WORK TO COMPLETE: Nothing after the line with "Назва: 10 доларів" belongs in the copy; extract the lines below from the top through that line, pictures left out.

SUPPLIED DATA:
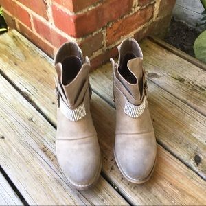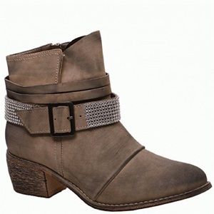 Size 8.5 Pierre Dumas taupe rimini 2 rhinestone booties with 2” chunky heel. In excellent used condition
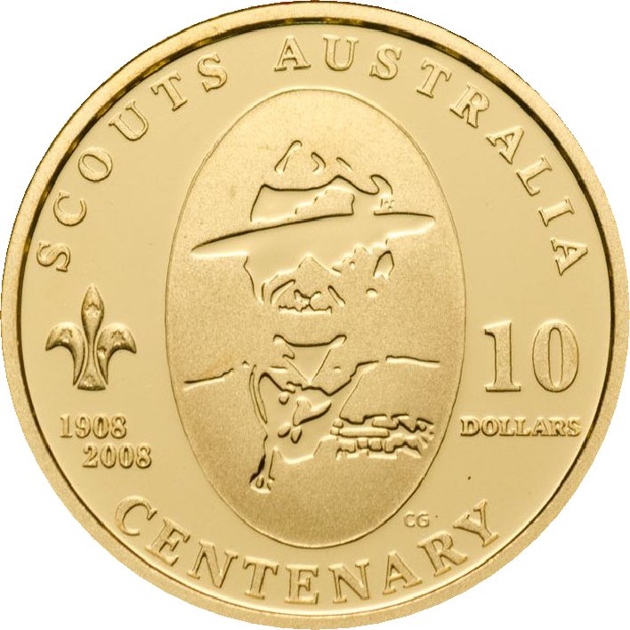 Назва: 10 доларів — Єлизавета II (4-й портрет — Сторіччя скаутів — Золота пробна монета)
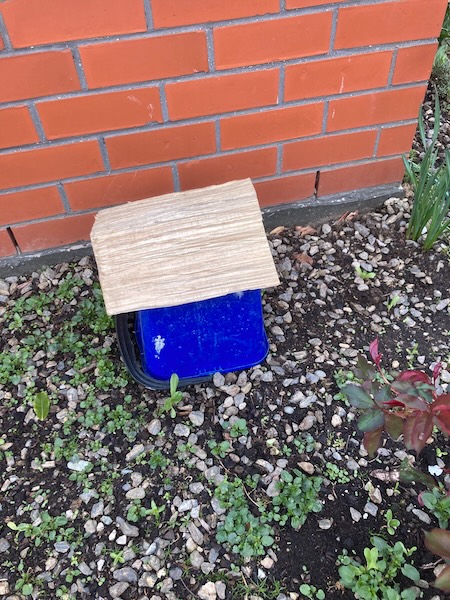 Over the last couple of years I've tried frost clothing my dahlias, but this method is prone to the wind blowing the frost cloth off overnight before the frost at dawn. So I've had to resort to a more brute force method of protecting my dahlias. After many trials, I finally settled on using a lot of small, cheap buckets, placing them on top of the dahlias on risky nights, and holding them in place with a spare piece of firewood.

THE ANSWER:
 Size 8.5 Pierre Dumas taupe rimini 2 rhinestone booties with 2” chunky heel. In excellent used condition
 Назва: 10 доларів — Єлизавета II (4-й портрет — Сторіччя скаутів — Золота пробна монета)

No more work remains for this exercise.